Practically, the very same features of encapsulation, polymorphism and inheritance you saw above can increase complexity and hinder debugging, performance and maintenance of your code if you use them without care and forethought. For example, excessively complex and/or poorly designed class hierarchies are a common way development teams end up tying themselves in knots – their class hierarchies can become large entangled structures that are hard to reason about and technically difficult to extend.
As with any skill, understanding when and how to apply OOP concepts comes with practice and – frankly – occasional failure. You will make some code unnecessarily complex and unwieldy. You may well break things. Ultimately, you'll need to apply the ideas of OOP to your own problems a few times before you'll be able to get a feel for what works and what doesn't. Furthermore, a 'purely' technical grasp of the concepts is not enough: you need to remember to take a step back when you're starting on a new project (or joining an existing one) and think about the bigger picture and how best to use the tools available to you.
As you've seen, the concepts provided by OOP and specific implementations of OO language features can help you design and implement your code to function in quite elegant ways.
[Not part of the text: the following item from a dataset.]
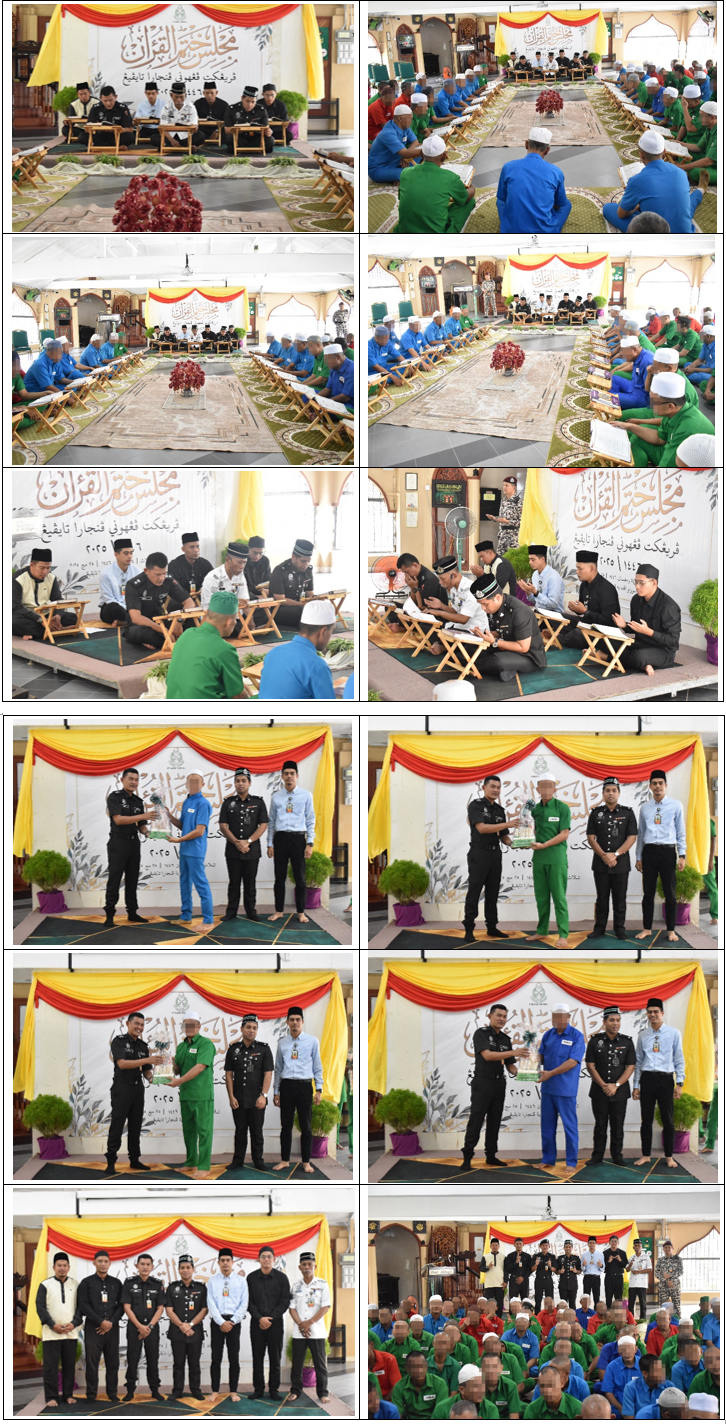 Majlis Khatam Al-Quran 1446H Peringkat Penghuni Penjara Taiping telah diadakan pada hari Khamis, 25 Mac 2025 bersamaan 24 Ramadan 1446H di Surau Al-Hidayah, Penjara Taiping. Majlis ini diadakan bertujuan meraikan penghuni-penghuni yang telah berjaya mengkhatamkan bacaan Al-Quran dalam Program Tadarus Al-Quran Ramadan 1446H. Majlis dimulakan dengan Bacaan Ayat-ayat Suci Al-Quran dan diakhiri Doa Khatam Al-Quran yang dipimpin oleh Al-Fadhil Ustaz Abdul Raqib bin Mohd Yusop. Majlis ini dihadiri oleh PP Shahrul Izzat bin Hamid, Timbalan Pengarah Penjara Taiping dan TPP Teuku Mohd Hasbi bin Tarmizi, Ketua Bahagian Pemulihan Penjara Taiping. Penyampaian hadiah dan sumbangan kepada para peserta tadarus telah disempurnakan oleh PP Shahrul Izzat bin Hamid. Majlis ini bermula jam 3.00 petang dan berakhir sekitar jam 4.15 petang dan disertai oleh 110 orang penghuni.
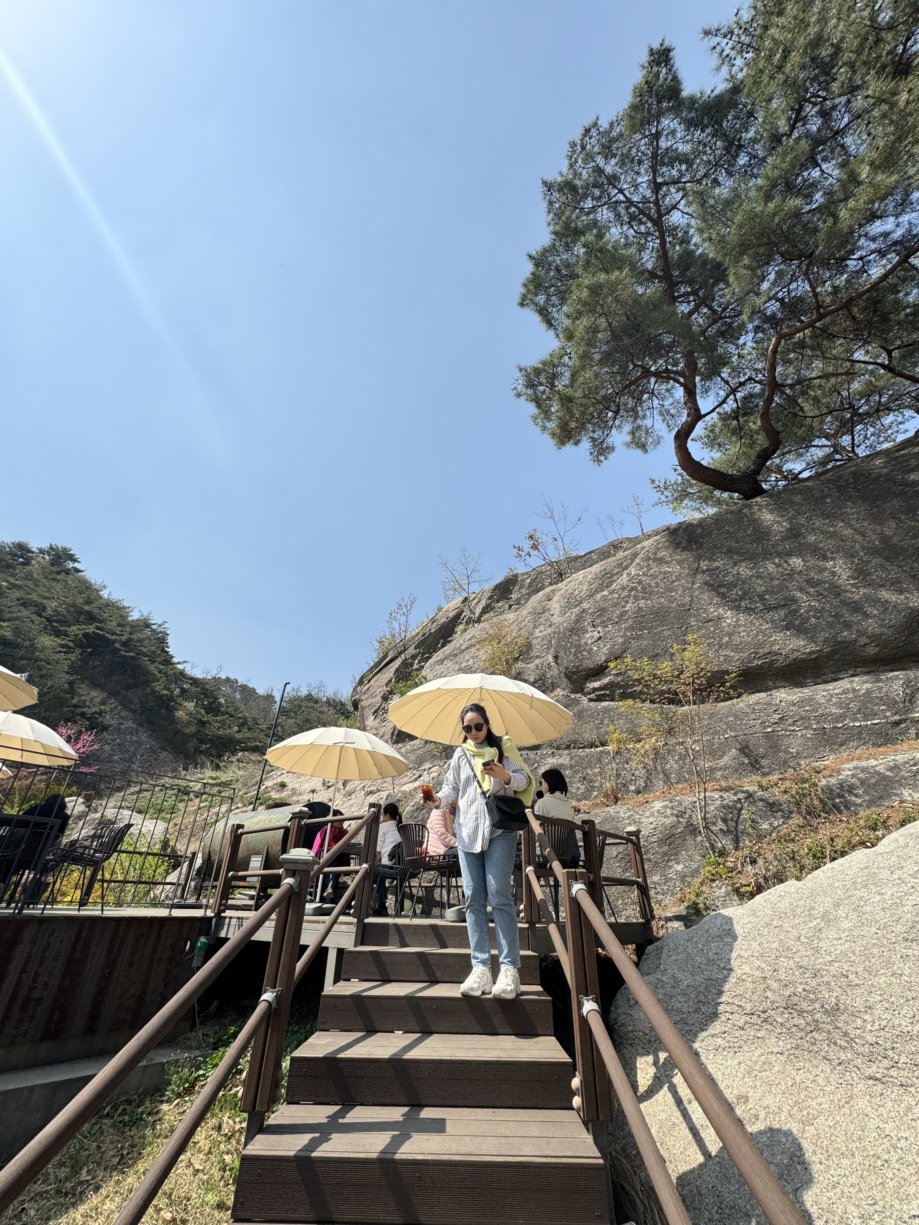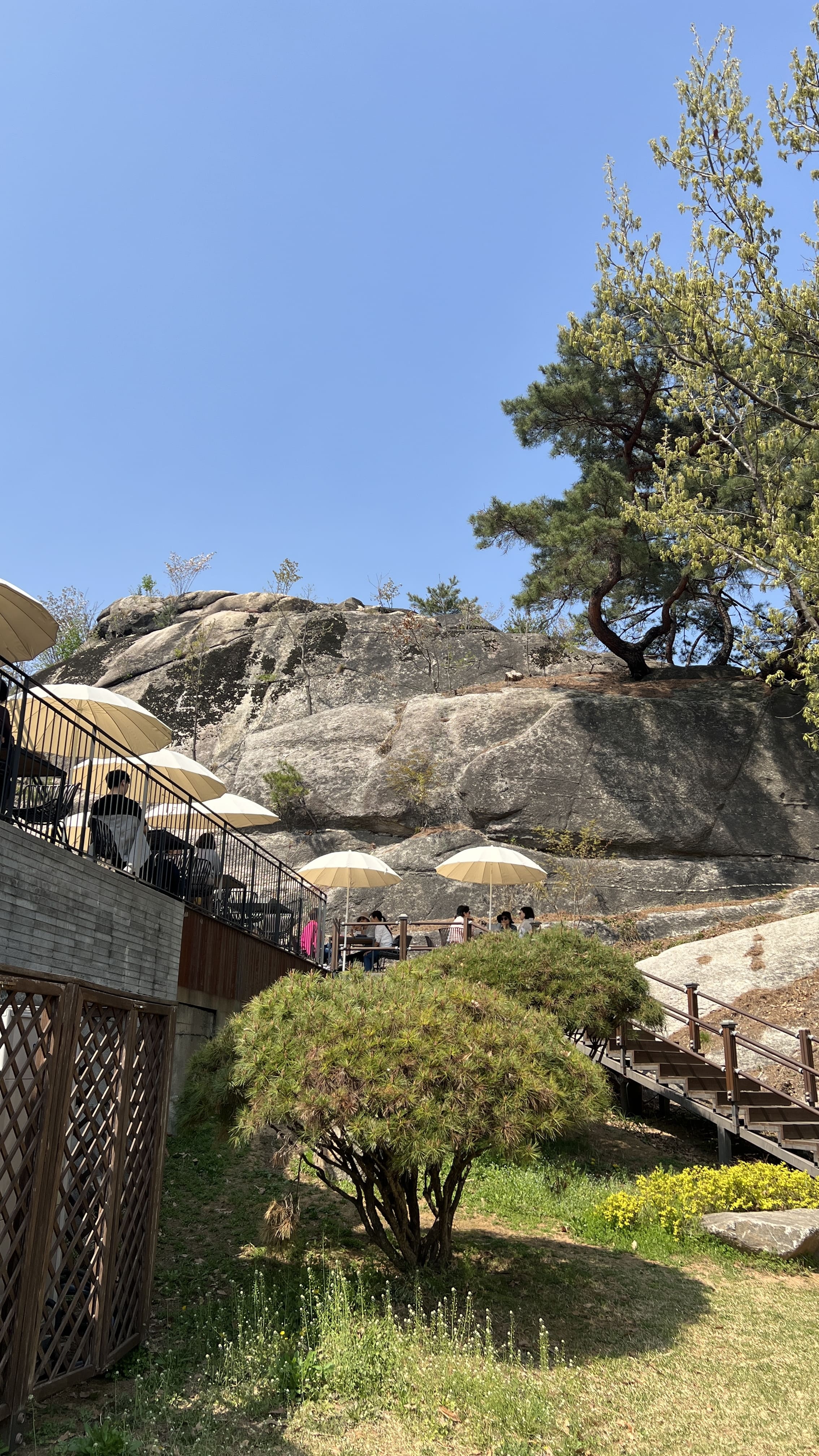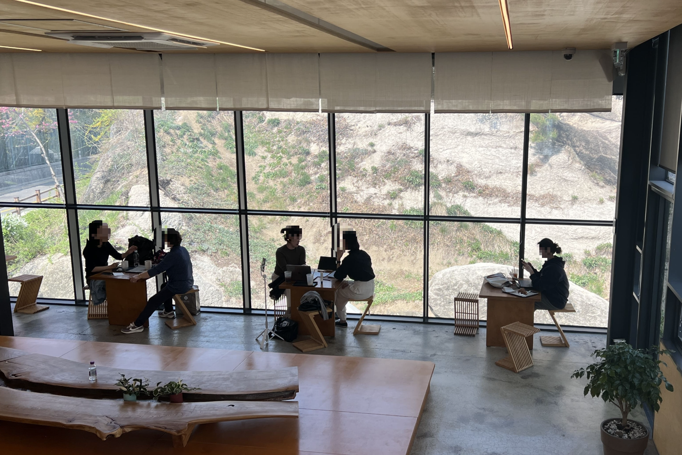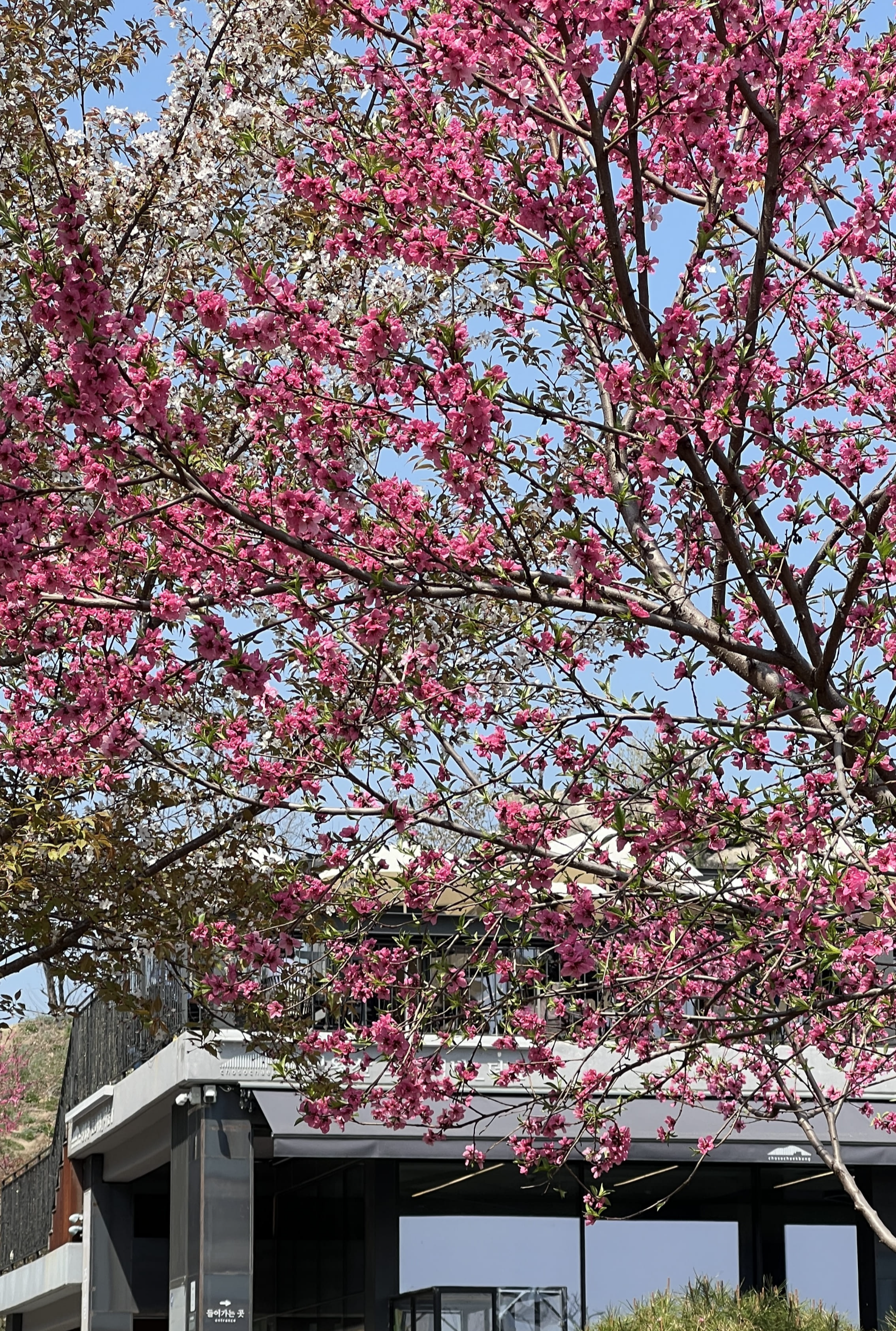 인왕산 초소책방은 원래 군사 초소였던 공간을 개조해 만든 복합 문화공간이라고 합니디. 위치가 조금은 언덕 위라서 그런지 탁 트인 전망이 일품이에요. 책방 앞 테라스에서는 인왕산과 서울 시내가 한눈에 내려다보이고, 봄이 되면 이 풍경 사이사이로 벚꽃이 만개해요. 우리가 도착했을 때 책방 주변 벚나무는 이미 흐드러지게 피어 있었고, 흩날리는 꽃잎이 진짜 그림 같았어요. 여유롭게 걷기 딱 좋은 산책로도 옆에 있어서, 책방을 들렀다가 근처 벚꽃길을 따라 천천히 걸어보는 것도 정말 추천드려요. 소란스럽지 않고, 도심 속인데도 마음이 고요해지는 그런 장소였어요. 특히 창가 자리에 앉으면, 책을 펼쳐놓고 창밖의 봄 풍경을 바라보는 그 순간이 정말 특별하게 느껴졌어요. 벚꽃도 보고, 서울의 전망도 보고, 책도 자유롭게 볼 수 있는 곳으로 날씨 좋은 날 꼭 가보시길 추천합니다!

However, they do not add anything 'new', in a sense: you can write code that solves any problems you're likely to face without ever needing to reach for the tools OOP provides. That said, judicious use of OOP ideas may make you a much more productive programmer, and may ease the adoption and reuse of your code by others. Additionally, a good grasp of OOP will also help you better understand and reason about the behaviour and design of many popular software frameworks.
... a good grasp of OOP will also help you better understand and reason about the behaviour and design of many popular software frameworks.
As always, knowing when to reach for a specific tool (and having that tool there waiting to be used) is a valuable skill to develop. It's important that you try and reason about how and where to apply OOP ideas to your own work. For example, if you're sure you're writing a solution to a one-off problem, then creating an elaborate class hierarchy may well be both over-engineering your solution and spawning more problems than it solves. However, if you're starting a project that you know is going to be widely used and extended, it may really pay off.